▸ Exercise description
The whole listing below needs to be duplicated exactly, pictures aside.

▸ Input data
----------------------------------------
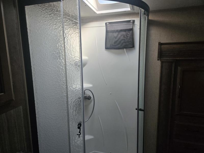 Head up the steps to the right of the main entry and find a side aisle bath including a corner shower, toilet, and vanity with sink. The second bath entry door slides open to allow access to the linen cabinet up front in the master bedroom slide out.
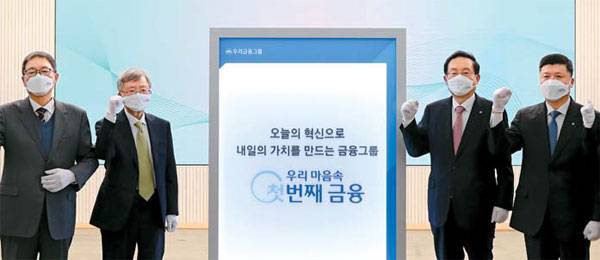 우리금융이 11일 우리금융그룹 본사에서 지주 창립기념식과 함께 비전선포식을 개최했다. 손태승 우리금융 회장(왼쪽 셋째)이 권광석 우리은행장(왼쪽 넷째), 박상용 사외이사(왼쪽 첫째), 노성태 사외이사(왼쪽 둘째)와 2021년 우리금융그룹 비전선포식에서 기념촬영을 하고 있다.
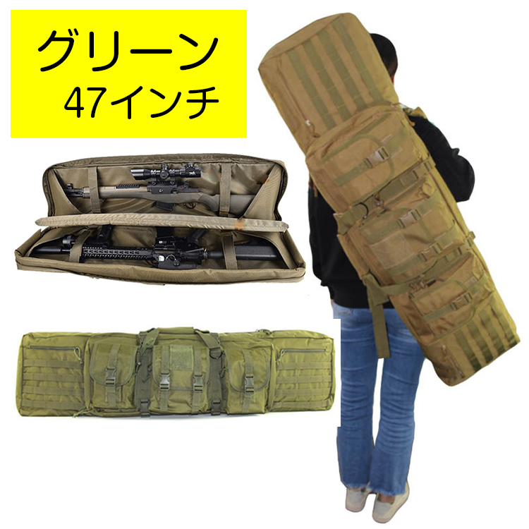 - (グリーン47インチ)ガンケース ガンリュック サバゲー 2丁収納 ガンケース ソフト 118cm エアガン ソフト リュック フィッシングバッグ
----------------------------------------
▸ Answer to this problem
 Head up the steps to the right of the main entry and find a side aisle bath including a corner shower, toilet, and vanity with sink. The second bath entry door slides open to allow access to the linen cabinet up front in the master bedroom slide out.
 우리금융이 11일 우리금융그룹 본사에서 지주 창립기념식과 함께 비전선포식을 개최했다. 손태승 우리금융 회장(왼쪽 셋째)이 권광석 우리은행장(왼쪽 넷째), 박상용 사외이사(왼쪽 첫째), 노성태 사외이사(왼쪽 둘째)와 2021년 우리금융그룹 비전선포식에서 기념촬영을 하고 있다.
 - (グリーン47インチ)ガンケース ガンリュック サバゲー 2丁収納 ガンケース ソフト 118cm エアガン ソフト リュック フィッシングバッグ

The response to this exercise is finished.